This is Games N Gadgets week at the Charlotte Observer. Throughout the week, Monday-Sunday, we're going to look at some popular and not-so popular Games N Gadgets. If you have any ideas for things you'd like to see us review, please email email@example.com
The most popular handheld system is, of course, Nintendo's DS and DSi units. The best handheld system, in my mind -- especially for hardcore gamers -- is the Sony PSP 3000.
The PSP Go has downloadable games only, which forces you to keep your old system to play your library of Universal Media Disc games for the old PSP.
I like the PSP 3000 over the DS options because of better graphics and a more realistic gaming experience. There are more adult-friendly titles available, plus a built-in microphone, WiFi and integrated Skype service. The new anti-glare screen thankfully allows you to play outdoors and still be able to see the action.
But while the DS and PSP are great handheld systems, I've got to crown a surprising entry as serious contenders to the throne: Apple's iPod Touch and iPhone.
Yes, you've got to download games, but the games are relatively cheap.
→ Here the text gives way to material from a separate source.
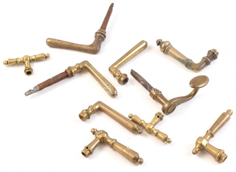 Leírás: 10 db klf. réz ajtó és ablak kilincs, kopott
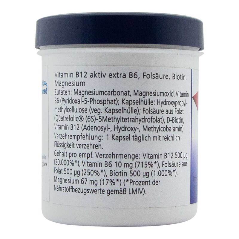 Magnesiumcarbonat, Magnesiumoxid, Vitamin B6 (Pyridoxal-5-Phosphat); Kapselhülle: Hydroxypropylmethylcellulose (veg. Kapselhülle); Folsäure aus Folat (Quatrefolic® (6S)-5Methyltetrahydrofolat), D-Biotin, Vitamin B12 (Adenosylcobalamin 200µg, Hydroxycobalamin 150 µg, Methylcobalamin 150 µg)Aufbewahrungshinweise

Madden football, for example, is $6.99 instead of $19.99 or $39.99 like you'd sometimes find for traditional handhelds.
You can download multiple free titles for the iPod Touch that aren't bad, including trial versions of games. And while Sony's new download game system is good, it cannot yet match the selection at the App Store.
A lot of people already have iPods and iPhones and don't have to pay for new hardware, and being able to have one device do the job of several gives youngsters (and the young at heart) one less thing to worry about losing.
I hadn't really thought about the iPod and iPhone as serious contenders to the big two until my mother bought my son an iPod Touch for Christmas.
My son has the Sony and Nintendo systems, but enjoyed taking his $25 gift card to the iTunes store and buying multiple games and downloading about 4 gigabytes of free ones.
I thought the newness might wear off and he'd go back to Mario on DSi, but he's always on his iPod Touch, checking the weather, getting sports score updates, listening to music, searching the App Store for free games -- or begging Dad for another gift card.
The full-color screen on the Touch and iPhone presents games at least as well as the other two, though the touchscreen controls take a little while to get used to. But during times when money is tight, buying one device that can do a lot of things well might be better than buying another that is only truly good at one thing.